→ INFORMATION PROVIDED:

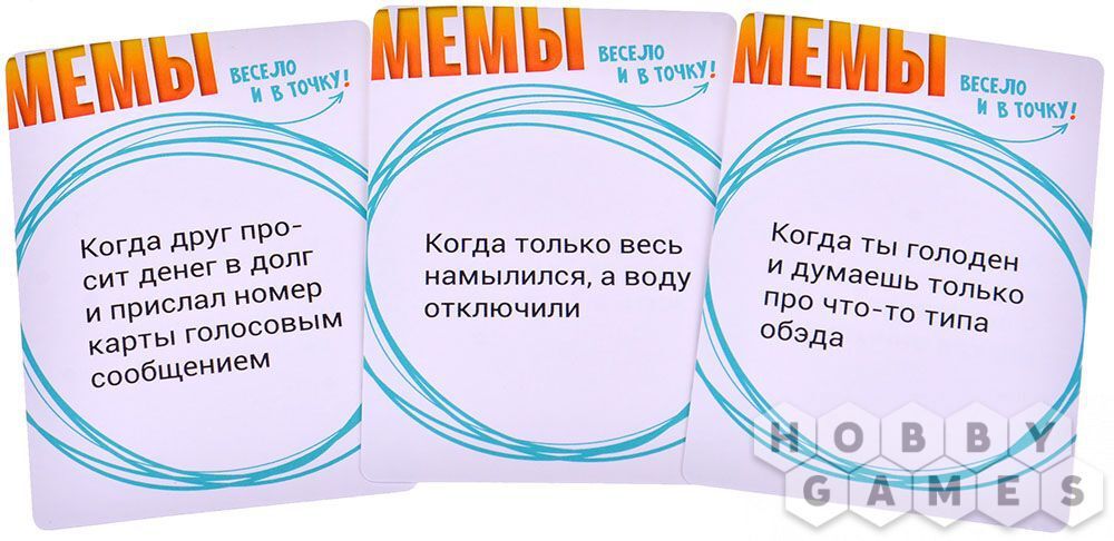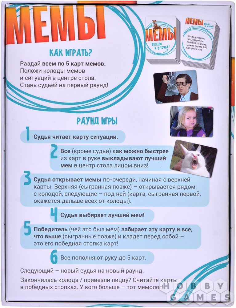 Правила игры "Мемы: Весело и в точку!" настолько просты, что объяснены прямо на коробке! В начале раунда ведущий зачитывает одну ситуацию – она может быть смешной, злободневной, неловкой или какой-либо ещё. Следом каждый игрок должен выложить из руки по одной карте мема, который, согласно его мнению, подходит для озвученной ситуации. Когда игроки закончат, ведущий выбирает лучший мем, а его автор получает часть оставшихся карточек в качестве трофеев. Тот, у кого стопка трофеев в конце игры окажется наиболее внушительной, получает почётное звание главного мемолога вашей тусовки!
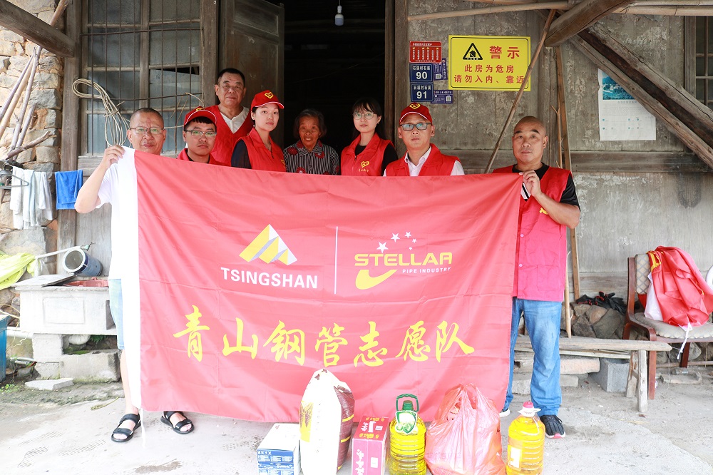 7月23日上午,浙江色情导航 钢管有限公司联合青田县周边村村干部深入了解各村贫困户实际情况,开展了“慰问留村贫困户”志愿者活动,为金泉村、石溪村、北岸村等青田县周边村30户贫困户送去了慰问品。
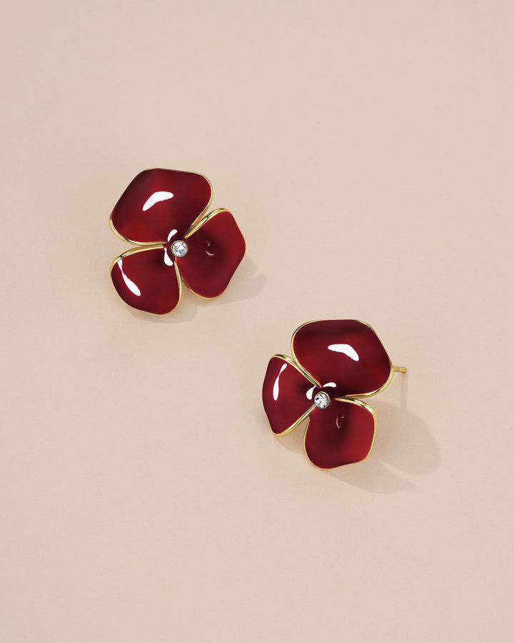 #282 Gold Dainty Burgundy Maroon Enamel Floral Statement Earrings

→ WHAT IS EXPECTED: The output is to be the material in full and unaltered, with pictures omitted.

→ TASK RESPONSE:
 Правила игры "Мемы: Весело и в точку!" настолько просты, что объяснены прямо на коробке! В начале раунда ведущий зачитывает одну ситуацию – она может быть смешной, злободневной, неловкой или какой-либо ещё. Следом каждый игрок должен выложить из руки по одной карте мема, который, согласно его мнению, подходит для озвученной ситуации. Когда игроки закончат, ведущий выбирает лучший мем, а его автор получает часть оставшихся карточек в качестве трофеев. Тот, у кого стопка трофеев в конце игры окажется наиболее внушительной, получает почётное звание главного мемолога вашей тусовки!
 7月23日上午,浙江色情导航 钢管有限公司联合青田县周边村村干部深入了解各村贫困户实际情况,开展了“慰问留村贫困户”志愿者活动,为金泉村、石溪村、北岸村等青田县周边村30户贫困户送去了慰问品。
 #282 Gold Dainty Burgundy Maroon Enamel Floral Statement Earrings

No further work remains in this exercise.